Initiating Business Continuity Initiative
John voiced their interest in spearheading a new initiative focused on business continuity and operational resilience, areas they believe are often overlooked by companies. Eric supported John's initiative and anticipates it could lead to other projects, highlighting the need for resilience. They also discussed upcoming meetings and the progress on various documents, including the privacy document 27018 and the consumer IoT labeling framework 27404. Eric mentioned that work groups would be meeting in different parts of England and that liaison reports would be needed. John suggested attending the AI summit and discussed the need to fill certain slots on steering committees.

CSA Working Group and Data Governance Updates
John updated the list of CSA working group members, stressing the importance of active participation. Claude reported the approval of the data governance domain taxonomies and shared their involvement in several other projects. The upcoming X9.125 committee meeting was discussed, with a focus on encryption and financial information management in the cloud. David raised a question about the status of a paper on domain taxonomies for data governance, which Claude promised to follow up on.

GDPR and 27701 Standard Discussion
John discussed the General Data Protection Regulation (GDPR) and its uptake among organizations. They highlighted that while the GDPR is a mandate in the EU, few organizations have sought certification under it due to potential legal and political issues. John also mentioned a shift towards adopting the 27701 standard as an alternative route to GDPR certification. They suggested that the CSA should map to the 27701 standard and recommended its adoption as it could provide a safer route for organizations. Additionally, John mentioned the Charter Review and promised to provide an editable version of it for the team.

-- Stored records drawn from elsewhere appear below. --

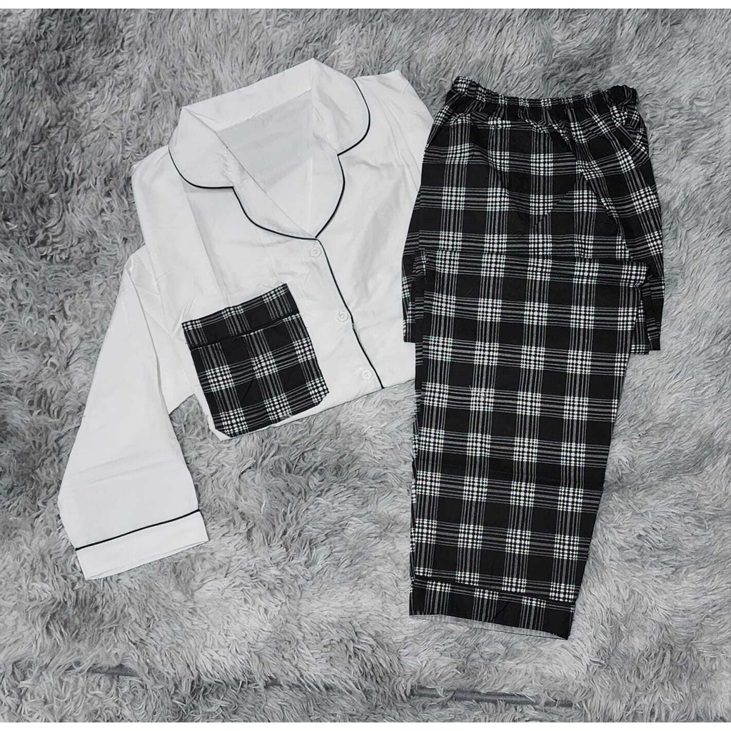 Piyama Katun PoliSter Soft Kombinasi Kotak Keterangan Bahan Baju atas Memakai Bahan Katun IMA Soft tekstur kain Tipis Tidak panas Nyaman halus dipakai di badan dan walaunpun Putih tipis Tidak menerawang Celana memakai Katun Jepang dengan print motif Sehingga menampilakan Campuran kombinasi yang lucu dan unik Nyaman Dimata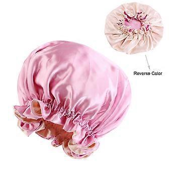 High Quality Double Sided Layer Waterproof Shower Cap Solid Color Satin Hair Bonnet Cap For Women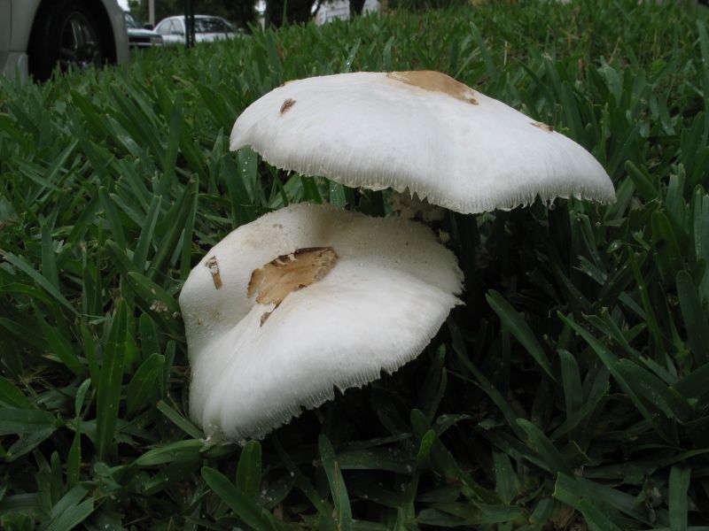 gerade in Florida angekommensind mir auf einem Supermarkt-Parkplatz im Gras folgende Leucoagaricen begegnet.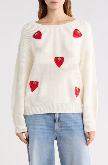 You'll look oh-so-sweet in this rib-knit sweater covered in crochet strawberries.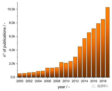圖1. 與鋰離子電池主題相關(guān)的出版物數(shù)量 (數(shù)據(jù)來(lái)源:Scopus)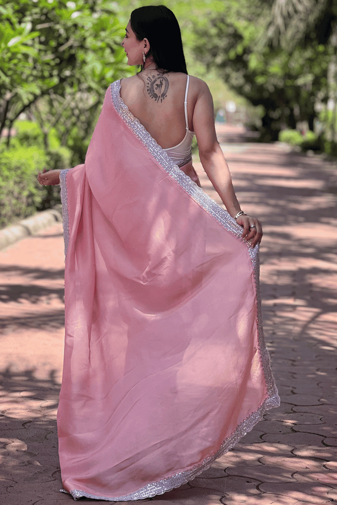 Length:- 5.5 meters & 0.8 Unstitched self fabric Blouse to style the blouse as you please!

Reassessing Collaboration With Working Groups
John and Eric discussed the need to reassess their collaboration with various working groups, such as the German Federal Office, and others. John suggested the need to decide on the depth of involvement with these groups for ongoing research and work. Eric clarified that John was seeking more formal liaisons rather than informal tracking. The discussion concluded without a clear decision on the future course of action. John and Eric discussed the idea of forming liaisons with certain groups they already have close relationships with, such as NIST,, IEEE and AICPA, and emphasized the importance of monitoring activities for other groups they do not have direct relationships with.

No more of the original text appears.